Task directions >>
Output only the lines that run from the line holding "Here we get" to the end of the entries, both ends included, and skip the pictures.

Provided material >>
^^^^^^^^^^^^^^^^
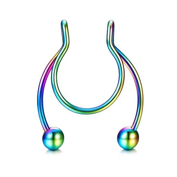 1pc Stainless Steel Deer Horn Shaped Fake Nose Ring, Body Piercing C-Shaped Nose Hoop
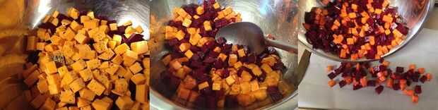 Asado de remolacha, patata dulce, lechugas mixtas y ensalada de camarones (3 / 8 paso)
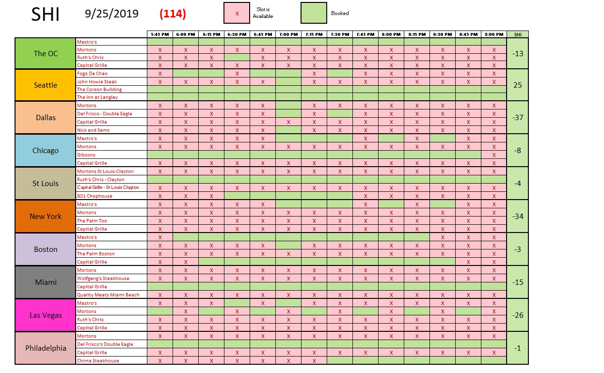 Here we get a clearer picture of this week’s reservation demand improvement.   The “spread” back on 9/4 was 168 points.   This week, at 83 points, the spread is much more aligned with the historic trend.   Piping hot NY strips are in demand, and the restaurants that serve the most expensive cuts are filling up this Saturday.
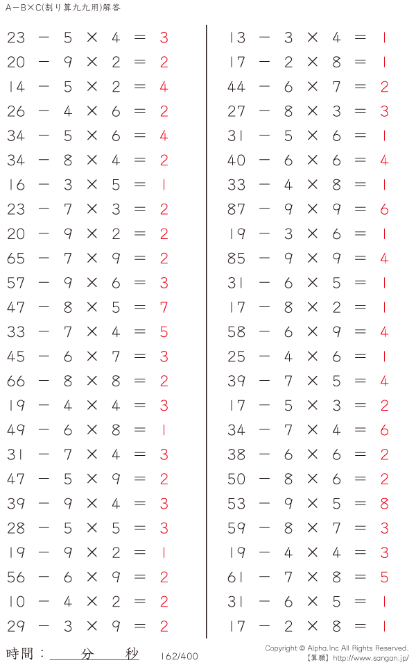 上記のボタンから「A-B×C」の算数数学ドリル・計算ドリル(PDFプリント)がダウンロードできます。個人利用は無料です(家庭以外での配布は有料です)。
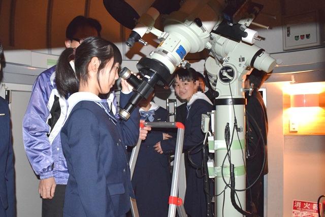 屋上に上がった生徒たちはまず担当の先生から、天体観測ドームの概要や冬の大三角形などが見える現在の空の様子について説明を受けました。そして実際にドームの中に入って天体を観望。月の表面や恒星のシリウス、ベテルギウスを見ました。
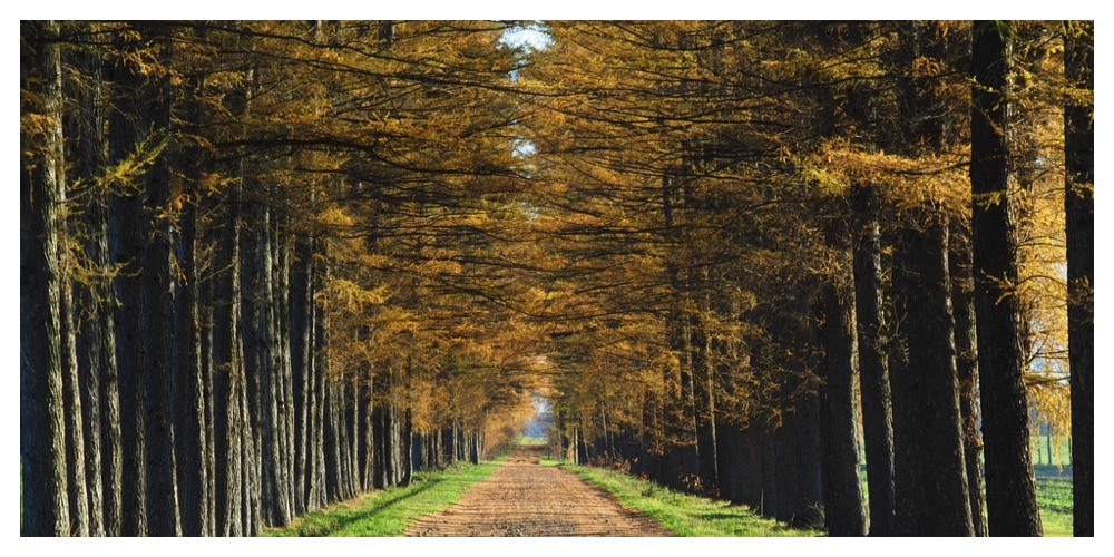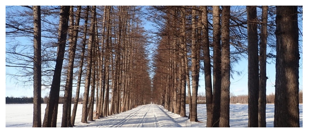 農業高校のカラマツ並木。(上)、 農業高校の森の第3林班。(下)
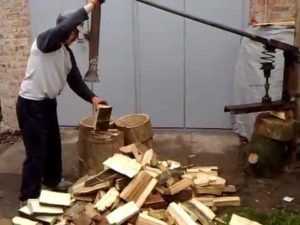 Есть еще самые разные аппараты для колки дров: механические, гидравлические, электрические или с моторами, работающими на бензине/дизтопливе. Механическая колка дров представляет собой станок, в котором фиксируется чурбак. Потом при помощи системы рычагов приводится в действие колун. Такие устройства могут иметь разный вид, некоторые могут сразу колоть полено на несколько частей, но принцип все тот же.
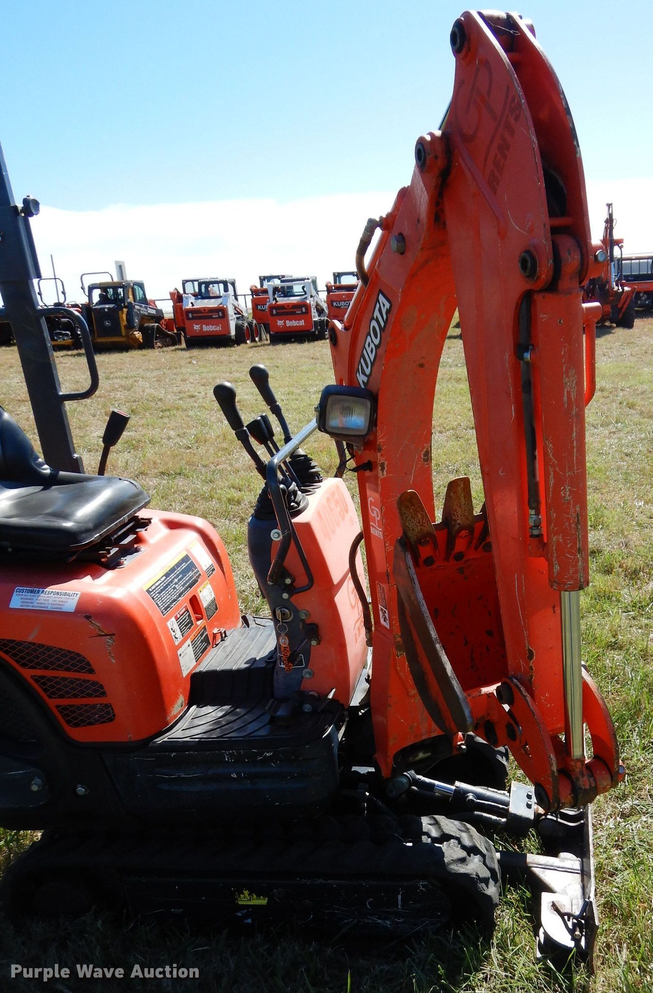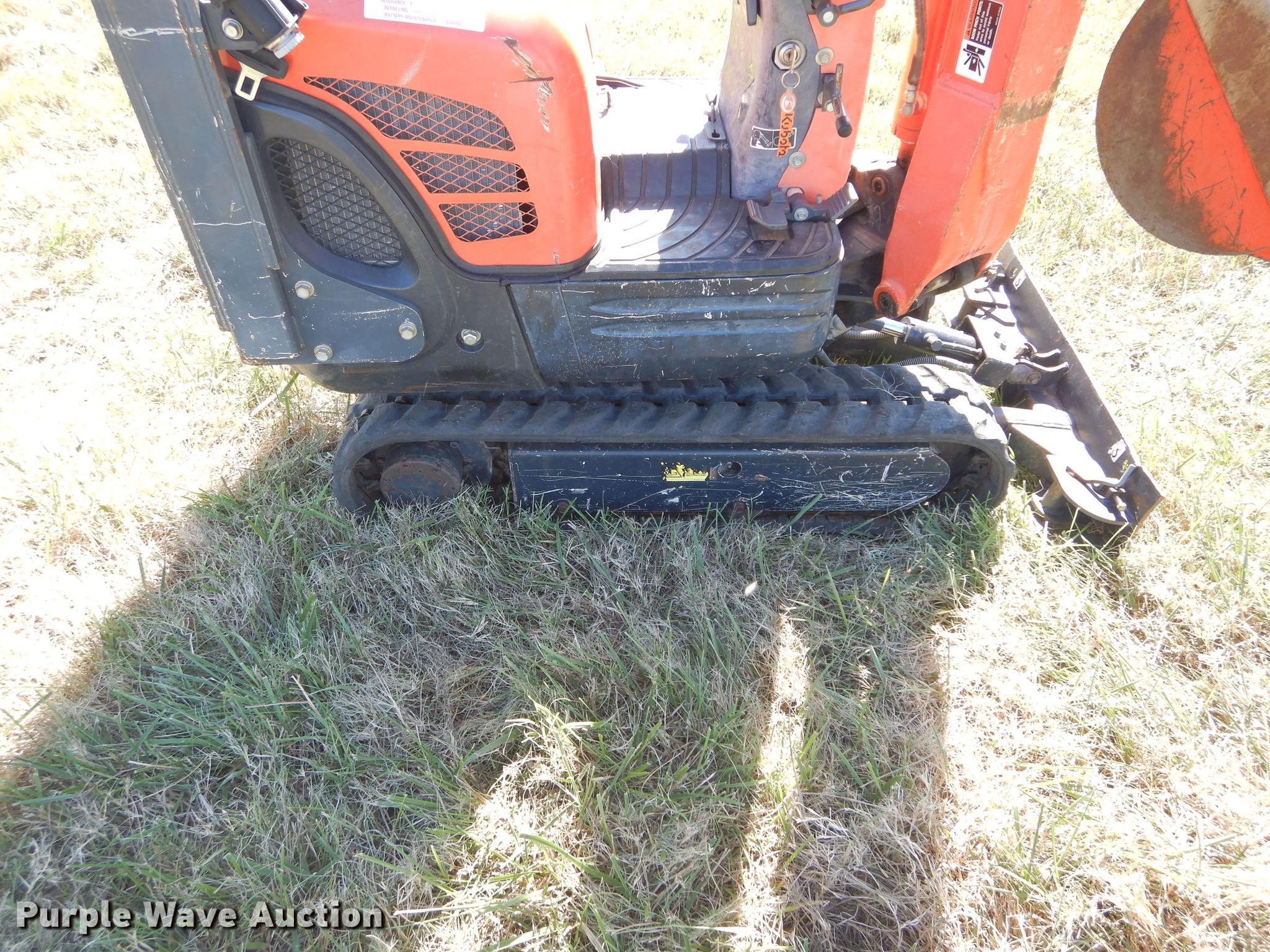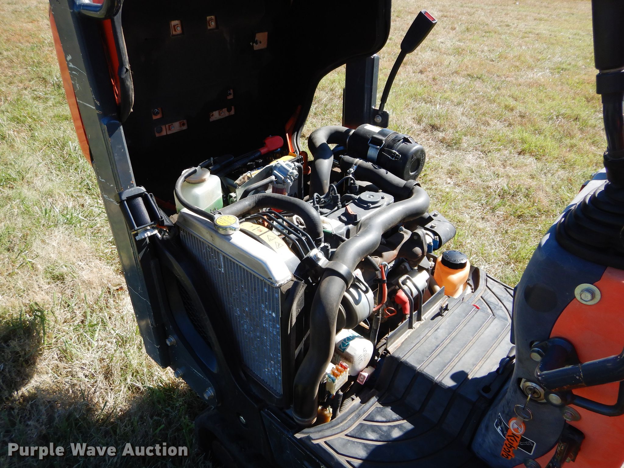 Purple Wave is selling a used Mini Excavator in Oklahoma. This item is a 2014 Kubota K008-3 mini excavator with the following: 709 hours on meter, Kubota D722-EF14 0.72L three cylinder diesel engine, 7.7 kW, Serial 4EE4935, Hydrostatic transmission, Two post ROPS, Pattern changer, 28"W backfill blade, Standard boom, 32" stick length, Kubota 10"W bucket, Bolt-on cutting edge, (3) teeth, 7"W rubber tracks, Serial 40650
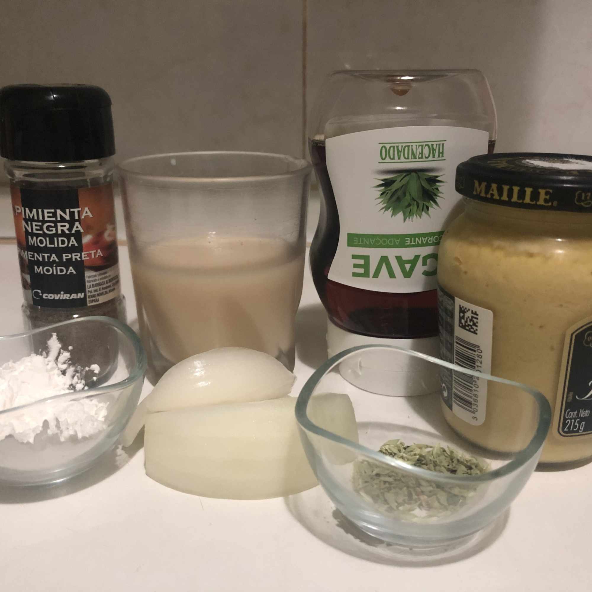 Pica la cebolla en brunoise y pocha en un poco de aceite. Disuelve la maicena en la bebida vegetal. Mezcla la mostaza y el sirope y añade a lo anterior. Cuando la cebolla esté blandita, sazona y agrega las sojalitas y el orégano. Cocina unos minutos para que se doren y añade la maicena disuelta. Mezcla todo bien hasta que espese (aquí lo dejas a tu gusto).
^^^^^^^^^^^^^^^^
Solution to this exercise >>
 Here we get a clearer picture of this week’s reservation demand improvement.   The “spread” back on 9/4 was 168 points.   This week, at 83 points, the spread is much more aligned with the historic trend.   Piping hot NY strips are in demand, and the restaurants that serve the most expensive cuts are filling up this Saturday.
 上記のボタンから「A-B×C」の算数数学ドリル・計算ドリル(PDFプリント)がダウンロードできます。個人利用は無料です(家庭以外での配布は有料です)。
 屋上に上がった生徒たちはまず担当の先生から、天体観測ドームの概要や冬の大三角形などが見える現在の空の様子について説明を受けました。そして実際にドームの中に入って天体を観望。月の表面や恒星のシリウス、ベテルギウスを見ました。
 農業高校のカラマツ並木。(上)、 農業高校の森の第3林班。(下)
 Есть еще самые разные аппараты для колки дров: механические, гидравлические, электрические или с моторами, работающими на бензине/дизтопливе. Механическая колка дров представляет собой станок, в котором фиксируется чурбак. Потом при помощи системы рычагов приводится в действие колун. Такие устройства могут иметь разный вид, некоторые могут сразу колоть полено на несколько частей, но принцип все тот же.
 Purple Wave is selling a used Mini Excavator in Oklahoma. This item is a 2014 Kubota K008-3 mini excavator with the following: 709 hours on meter, Kubota D722-EF14 0.72L three cylinder diesel engine, 7.7 kW, Serial 4EE4935, Hydrostatic transmission, Two post ROPS, Pattern changer, 28"W backfill blade, Standard boom, 32" stick length, Kubota 10"W bucket, Bolt-on cutting edge, (3) teeth, 7"W rubber tracks, Serial 40650
 Pica la cebolla en brunoise y pocha en un poco de aceite. Disuelve la maicena en la bebida vegetal. Mezcla la mostaza y el sirope y añade a lo anterior. Cuando la cebolla esté blandita, sazona y agrega las sojalitas y el orégano. Cocina unos minutos para que se doren y añade la maicena disuelta. Mezcla todo bien hasta que espese (aquí lo dejas a tu gusto).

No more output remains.